Snap judgment: 'Pushing Daisies'
Oct 4, 2007, 10:00 AM | by Leah Greenblatt
Categories: Mini TV Watch, Snap Judgment
New network shows these days seem to get cancelled practically before the first commercial break. Before you know it, the pilot you were watching is gone, and some So You Think You Can Spelunk mid-season replacement stands vacuously in its place. Which is why I'm rooting for Pushing Daisies, which premiered last night on ABC. It's too cute, almost sickeningly quirky, but its heart is so pure, and its fanciful world so fully realized that I can't help wishing it a fighting chance. (Watch for an official review in a forthcoming issue of EW.)
The easiest references tend towards the big screen — think Tim Burton's 2003 fantasia Big Fish or 2004's Lemony Snicket — both in the super-saturated colors and deliberate magical realism of the characters and storylines. In the first episode (called "Pielette," a double entendre that actually makes sense in context; wait for it), we are introduced to the town of Coeur de Coeur (yes, that's French for Heart of Hearts), as a boy named Ned bounds across a spectacular CGI-flowered hillside with his beloved dog, who runs into the road and is promptly smooshed by an oncoming truck, leading to a spectacular revelation. Cue the plummy narrator — whom books-on-tape fans may recognize as Jim Dale, the voice of the Harry Potter tomes — telling us, "Young Ned could touch dead things and bring them back to life." And indeed, the pooch bounds back up like a whack-a-mole, alive and well. But, as the narrator also tells us, this particular gift came with "no box, no instructions, and no manufacturers' warranty."
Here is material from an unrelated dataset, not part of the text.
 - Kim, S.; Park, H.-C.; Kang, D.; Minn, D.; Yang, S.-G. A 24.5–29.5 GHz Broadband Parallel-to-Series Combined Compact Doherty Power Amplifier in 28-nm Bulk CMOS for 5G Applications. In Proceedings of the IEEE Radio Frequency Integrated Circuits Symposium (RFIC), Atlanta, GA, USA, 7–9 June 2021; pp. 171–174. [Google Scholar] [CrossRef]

Accordingly, when Ned's mother drops dead of a blood clot while baking pies in the family's Norman Rockwell kitchen, Ned brings her back, only to discover that while his first touch brings life, the second touch brings death; a goodnight kiss sends Mom promptly back to the netherworld. Also, as we are told, the dead can be be brought back for only one minute without consequence; beyond that, someone else in close proximity has to die. So it is that Ned accidentally kills the father of his beloved next door neighbor, a freckled pixie of a girl named Chuck. Her dad's death means poor Chuck is sent to live with two wacky maiden aunts, thus signalling the end of Ned's first — and most impactful — love affair.
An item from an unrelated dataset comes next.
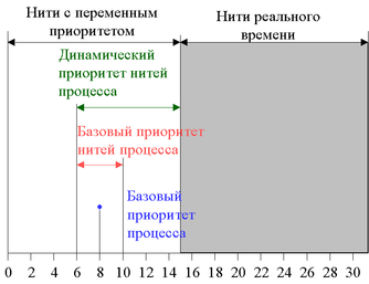 Приоритет нити может отклоняться от своего базового приоритета, и это может быть не связано с изменением базового приоритета процесса ( см. диапазон значений динамического приоритета нитей).

Cut now to grown-up Ned (Lee Pace, a Thomas Cavanagh doppelganger with wounded eyes and very expressive brows), now an emotionally crippled piemaker — Mom's pastry-related moment of departure made him a little bit obsessed. His best friend remains, actually, Man's Best Friend: the same dog he saved so many years before (which, of course, he can't pet without killing, calling for the use of surrogate "hand" made of wood). His circle of friends seems to consist of Detective Emerson Cod (Chi McBride), the only soul who knows his secret, and waitress Olive Snook (the bodaciously curvy Kristin Chenoweth), who pines secretly for Ned, and lives next door to him in an apartment that can only be described as a floral nursery vomiting all over ten tons of chintz.
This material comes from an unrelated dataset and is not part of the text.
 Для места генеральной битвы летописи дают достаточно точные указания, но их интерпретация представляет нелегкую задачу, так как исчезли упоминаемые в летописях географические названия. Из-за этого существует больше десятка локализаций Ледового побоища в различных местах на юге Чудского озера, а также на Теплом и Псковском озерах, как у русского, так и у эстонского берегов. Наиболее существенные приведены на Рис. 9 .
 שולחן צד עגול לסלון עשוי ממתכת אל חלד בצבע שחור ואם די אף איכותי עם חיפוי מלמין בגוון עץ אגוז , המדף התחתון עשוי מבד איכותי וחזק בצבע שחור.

Ned and Emerson are a team of sorts, having discovered that "murders are much easier to solve when you can ask the person who killed them." Thus, the pair awaken deceased victims for less than a minute, get the goods, and collect the rewards. Enter the case of the Lonely Traveler: a young woman fished out of cruise-ship waters, strangled mysteriously. It doesn't take a Mensa member to suspect that once Ned opens the coffin, he comes face to face with childhood sweetheart Chuck (British actress Anna Friel, being resolutely American here). A minute, of course, turns out to be far too brief for smitten Ned, and he lets the shady funeral-home director take the fall. Honestly, so would we; "luminous" is a word way overused, but Friel (pictured) is absolutely charming, a kewpie-faced Zooey Deschanel type with cupid's bow lips and a twinkle too alive to be, well, dead. Also, she uses expressions like "hoisted by my own petard" and calls hugs "emotional Heimlichs." Sold!
Watching the two embark on a mission to solve her murder — it involves a shady travel agency, her two housebound aunts (nice to see Swoozie Kurtz again, and in a jeweled eye patch, no less), and two ceramic monkeys — isn't so much about the destination but the journey. All we know is that as much as they may wish to, Chuck and Ned can never share another kiss... leading them to touch the two monkeys together in a smashing makeout session, which in turn leads to the discovery that said monkeys are not so much ceramic as solid gold. Wherever this leads — and whether I can involve myself in the Victorian idea of a love affair without physical contact — I am, frankly, a little smitten. Still, I can see the kind of diabetic coma such kooky cuteness could induce.
Readers, what do you think — is this one of the most original shows of the season, or merely a network exec's bad acid trip? Can Ned and Chuck sustain a life without regular whoopie, let alone hand-holding? Do monkeys not make everything a little bit more awesome?